### Task objective
Copy down the listing below exactly. Do not include pictures.

### Recorded information

◇ ◇ ◇ ◇ ◇

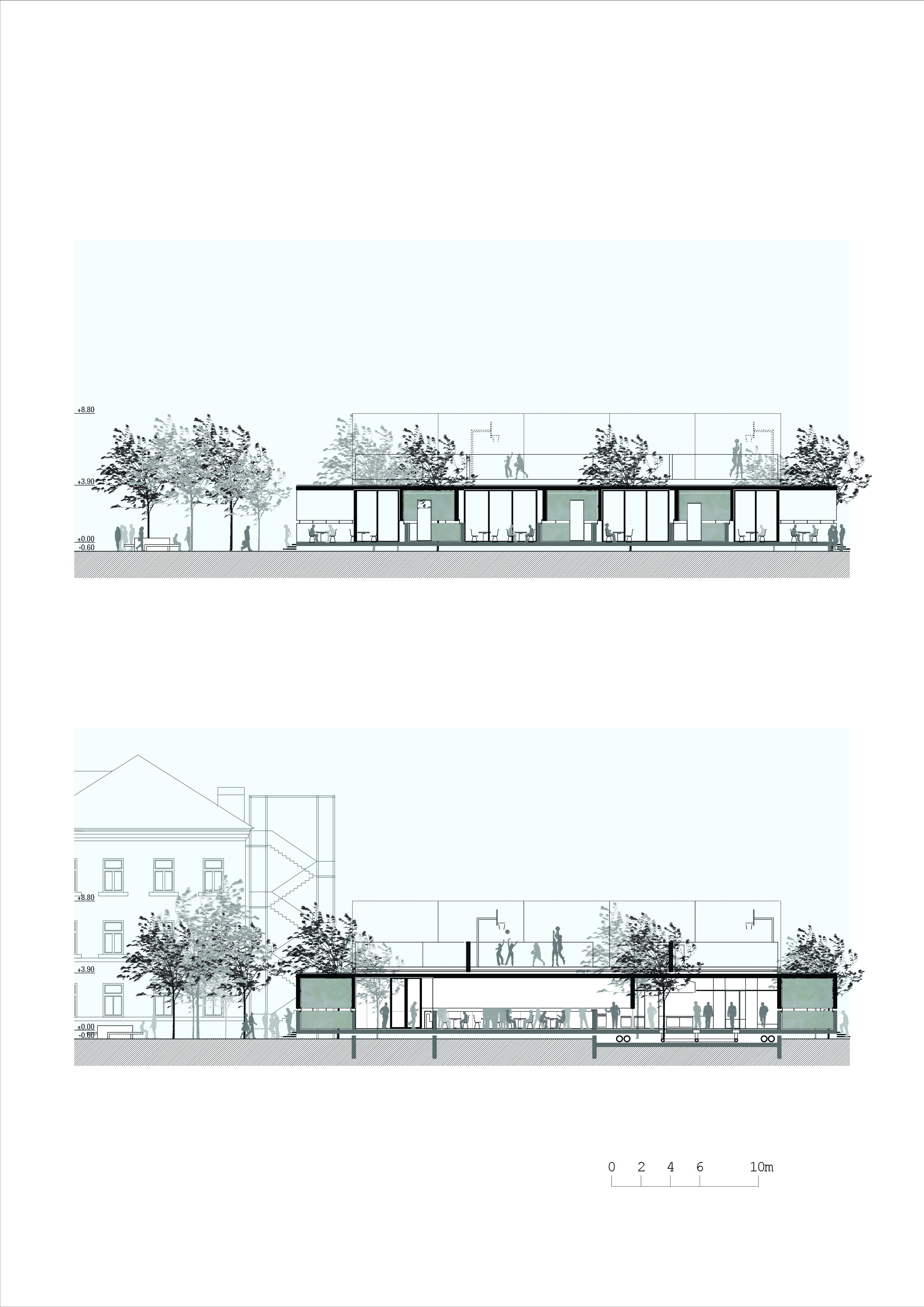 Pročelje je staklena membrana koja odjeljuje unutrašnji od vanjskog prostora, s različitim odnosima, ovisno o okolnom prostoru; prema ulici to je izlog uz šetnicu, dok s druge strane to je privatan dvorišni prostor. Translatirana livada krova, ortogonalna izohipsa postaje teren i gledalište. Streha naglašava karakter dnevnog boravka, verande. Slojevi prijelaza od unutra prema vani ili obratno, višestruki su, ovisno o mikrolokaciji. Lom u presjeku osviještena je promjena rakursa – sjedenjem (što je uobičajeni položaj) prostor se otvara, pomiče se suptilna granica, steinerovski odnos tijela u prostoru. Dinamika je ostvarena izmjenom ekstrovertirane staklene stijene i ‘zatvorenih’ kubusa, koji udomljuju drugačije načine blagovanja – muziku, internet, tišinu ili samo izolaciju, promjenu boje i atmosfere.
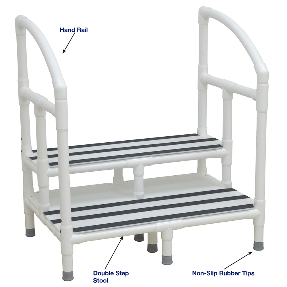 Healthcare Grade, Reinforced At All Stress Related Areas, MRI Double Step Stool With Handrails.
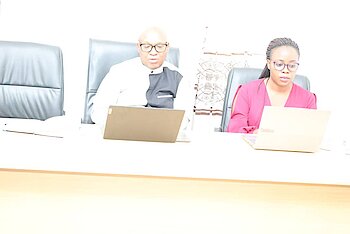Umunyamabanga uhoraho muri Minisiteri ishinzwe Ibikorwa by'Ubutabazi Bwana Aristarque Ngoga, ari kumwe n'Umuyobozi Mukuru muri Minaloc Madamu Bagire…
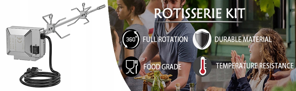 Набір грилів складається з грилів із нержавіючої сталі, виделок для м’яса з нержавіючої сталі 304, опори двигуна, ручки грилів , кріпильний матеріал і міцний електродвигун 230 В.

◇ ◇ ◇ ◇ ◇

### Exercise answer
 Pročelje je staklena membrana koja odjeljuje unutrašnji od vanjskog prostora, s različitim odnosima, ovisno o okolnom prostoru; prema ulici to je izlog uz šetnicu, dok s druge strane to je privatan dvorišni prostor. Translatirana livada krova, ortogonalna izohipsa postaje teren i gledalište. Streha naglašava karakter dnevnog boravka, verande. Slojevi prijelaza od unutra prema vani ili obratno, višestruki su, ovisno o mikrolokaciji. Lom u presjeku osviještena je promjena rakursa – sjedenjem (što je uobičajeni položaj) prostor se otvara, pomiče se suptilna granica, steinerovski odnos tijela u prostoru. Dinamika je ostvarena izmjenom ekstrovertirane staklene stijene i ‘zatvorenih’ kubusa, koji udomljuju drugačije načine blagovanja – muziku, internet, tišinu ili samo izolaciju, promjenu boje i atmosfere.
 Healthcare Grade, Reinforced At All Stress Related Areas, MRI Double Step Stool With Handrails.
Umunyamabanga uhoraho muri Minisiteri ishinzwe Ibikorwa by'Ubutabazi Bwana Aristarque Ngoga, ari kumwe n'Umuyobozi Mukuru muri Minaloc Madamu Bagire…
 Набір грилів складається з грилів із нержавіючої сталі, виделок для м’яса з нержавіючої сталі 304, опори двигуна, ручки грилів , кріпильний матеріал і міцний електродвигун 230 В.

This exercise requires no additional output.